2024年11月14日に発売が決定したHD-2D版『ドラゴンクエストIII そして伝説へ…』。1988年にファミリーコンピュータ用ソフトとして発売され社会現象を起こした同作は、アリアハンで生まれた勇者が魔王討伐の冒険に出かけるというストーリー。勇者はアリアハンの城下町でさまざまな職業から最大3人の仲間を選んで旅をすることになるが、ひたすら物理攻撃を行う「戦士」「武闘家」や、回復に必須な「僧侶」に比べると、呪文を使うのに慎重になってしまう「魔法使い」はパーティ優先度が低くなりがちだったのではないだろうか。
最近でこそ「まほうの小ビン」のようなアイテムやスキル、また杖攻撃での吸収など、MP回復の手段が多数用意されているが、ファミコン時代の『ドラクエ3』にはほとんどなく、通常の戦闘でMPを浪費するような行動はなかなかできなかった。
今回は、MPを節約しながら戦っていた子ども時代を思い出しつつ、大人になった今なら「魔法使い」をどのように活用できるのかを考えてみたい。
■MPを温存していたあの頃
昔の『ドラゴンクエスト』シリーズでは、MP枯渇を恐れて、ダンジョン内で呪文を使うのが怖かったという人は多いだろう。そのため、ボス戦が控えている可能性が高いダンジョン内では、魔法使いは呪文の使用を控えていた。結果、魔法使いはダンジョン攻略中においては、専門の呪文を唱えることをせず、ぷすっと一撃必殺を期待して「どくばり」での攻撃を行うぐらいが関の山だった。
また、スーパーファミコン版『ドラクエ3』では、「とげのむち」などのグループ攻撃が可能な武器が導入され、これにより戦士や盗賊でもグループ攻撃ができるように。その結果、魔法使いの存在感はますます薄れてしまい、どうしてもパーティ編成の優先度が低くなってしまった。
さらに『ドラクエ』シリーズには、序盤の呪文は非常に効果的である一方、中盤以降になるとその立場が微妙になるという「あるある」がある。たとえば、『ドラクエ3』では、序盤で使用する「メラ」「ギラ」「ヒャド」「イオ」などの呪文は、敵を一撃で倒したり、致命傷を与えたりすることも可能だ。しかし、中盤以降になると敵のHPがタフになり、「ベギラマ(消費MP6)」や「ヒャダルコ(同じく消費MP6)」といった中級呪文でも、敵を倒すのに2〜3発必要になることが多くなる。
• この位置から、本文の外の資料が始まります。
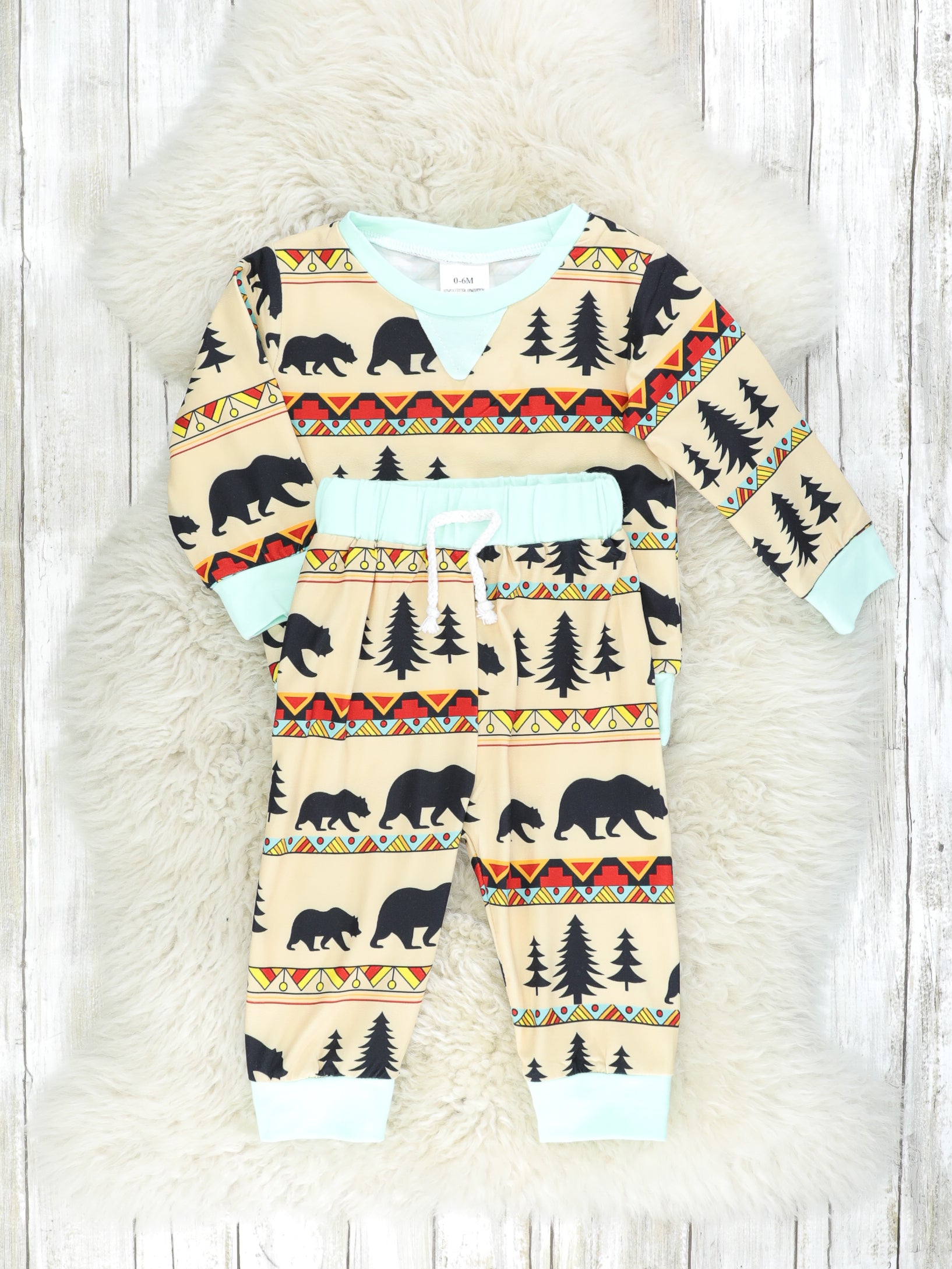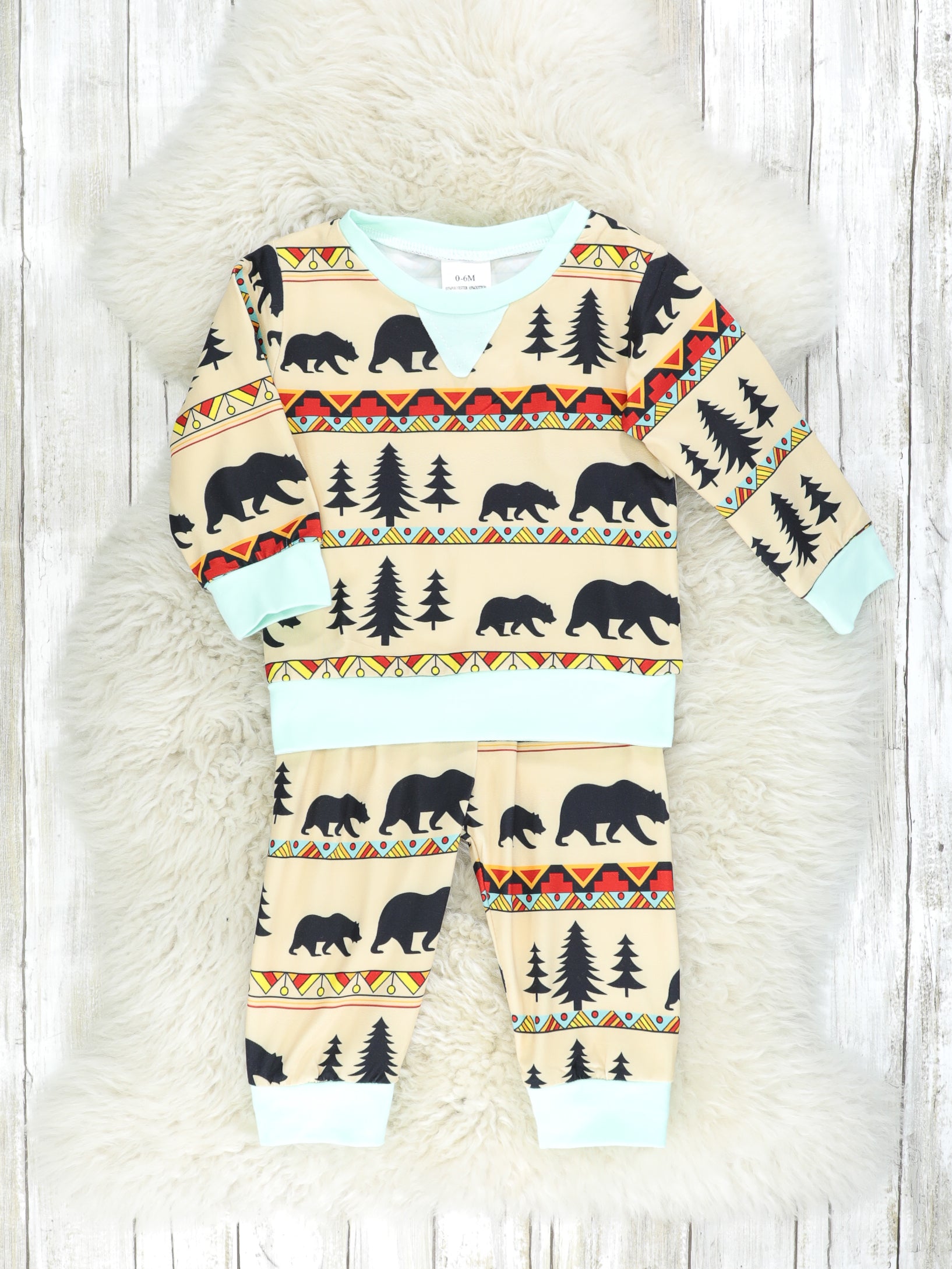 These darling outfits are so beary cute! This cream outfit features a bear print with mint trim & is so soft and cozy!
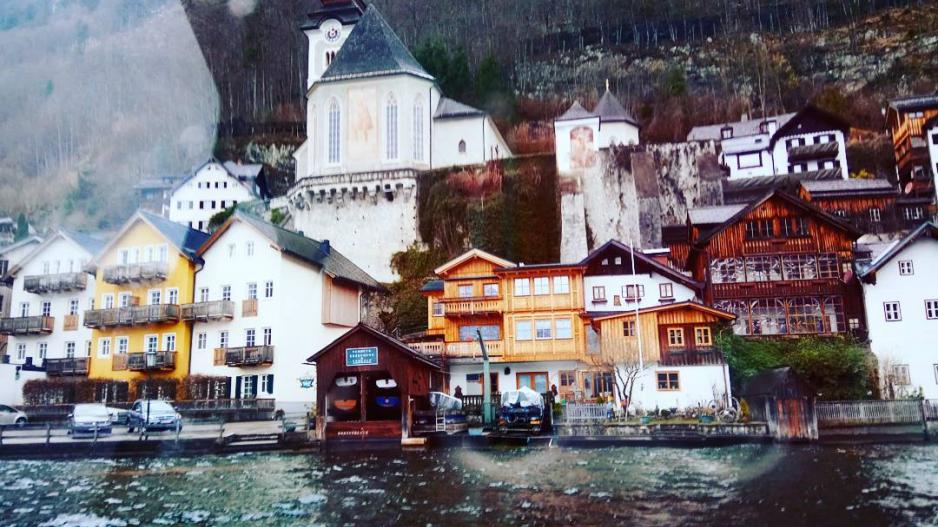 От Бад-Ишля до Гальштата - 30 минут пути. Остановки видны на табло, так что вы не пропустите свою. По пути мы снимали интересные виды и весело бурлящую горную реку, что местами была довольно буйной. И вот спустя полчаса мы уже на станции. Небольшой перрон, одно дорожное полотно вдоль горного массива, озеро Хальштеттер и лодочная станция. А на другом берегу - он, Гальштат. Паром всего один - лодочка, которая весь день ходит от берега к берегу, переправляя туристов и местных жителей. Минут 15 - и ты уже на пристани в Гальштате. Здесь же можно узнать расписание обратного парома и поезда (кстати, они удобно состыкованы, чтобы не пропустить поезд в обратную сторону до Бад-Ишля).
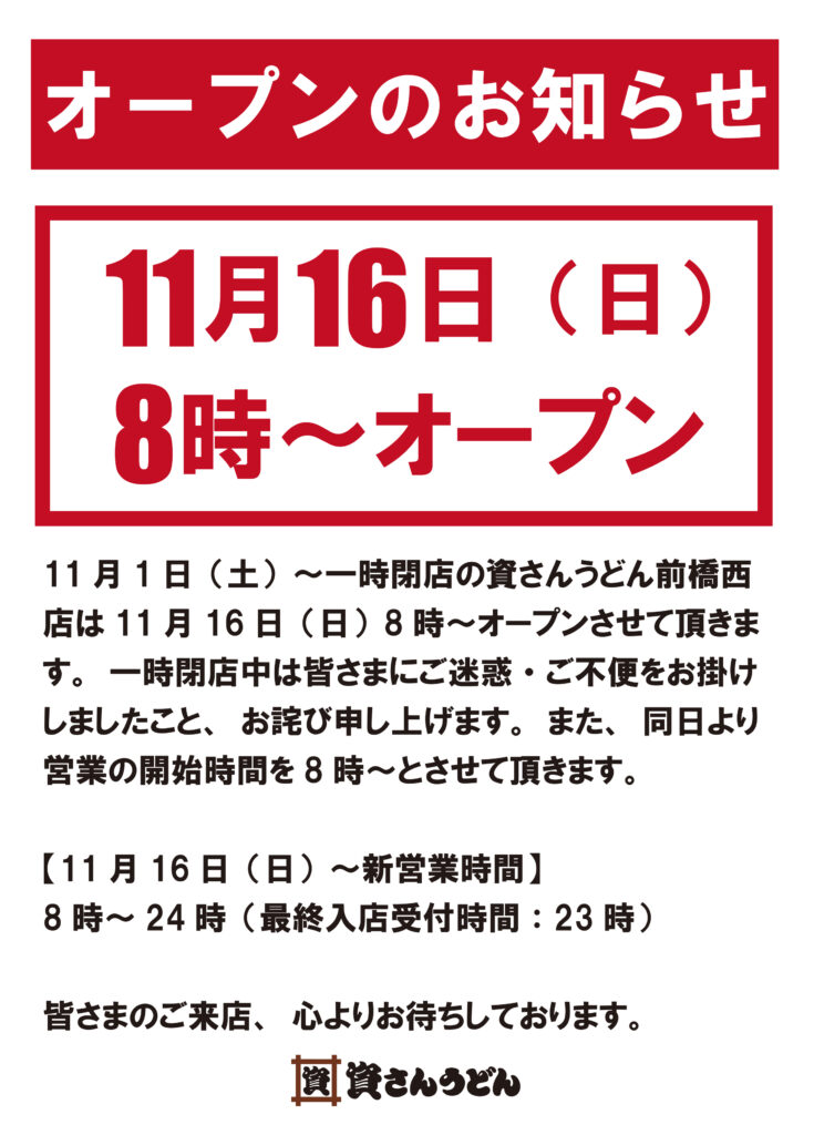11 月1 日(土) ~一時閉店の資さんうどん前橋西店は11 月16 日(日) 8 時~オープンさせて頂きま

さらに厄介なのは、中盤以降になると「耐性」を持つ敵が増加すること。これにより、ただでさえ微妙なダメージがさらに減少し、呪文の効果がいっそう薄れてしまう。
そんなわけで、魔法使いの立場はますます低下。やはり、ひたすらぶん殴れる戦士や会心の一撃に期待できる武闘家のような物理攻撃特化のパーティに頼ることが増えていった。
■攻撃呪文だけじゃない「補助」も使える魔法使い
とはいえ、ここまで魔法使いの微妙な立場について述べてきたが、実際には「攻撃呪文だけが取り柄」ではなく、魔法使いの補助呪文の有用性は計り知れない。
たとえば、「バイキルト」は魔法使いが覚える重要な呪文で、味方の1人の攻撃力を倍にする効果がある。ボス戦では必須と言えるほど強力な呪文だ。
そして、守備力を上げる「スカラ」や「スクルト」も重要な補助呪文。『ドラクエ4』以降のシリーズでは僧侶系キャラが覚えるイメージの強いこれらの呪文は『ドラクエ3』では魔法使いが習得できるため、パーティの防御面でも貢献できる。「スクルト」で守備力を上げて、「バイキルト」をかけて殴るという誰もがする戦法を確立したのが『ドラクエ3』の魔法使いだ。
さらに、子どもの頃は、覚えたての呪文ばかり繰り返していた。あまり意識しなかった「耐性」についても、大人の今では重要性を理解したうえで、「この敵には何が効く」「どんな耐性があるのか」を見極め、それに応じて効果的な攻撃呪文をチョイスできるようになっているはずだ。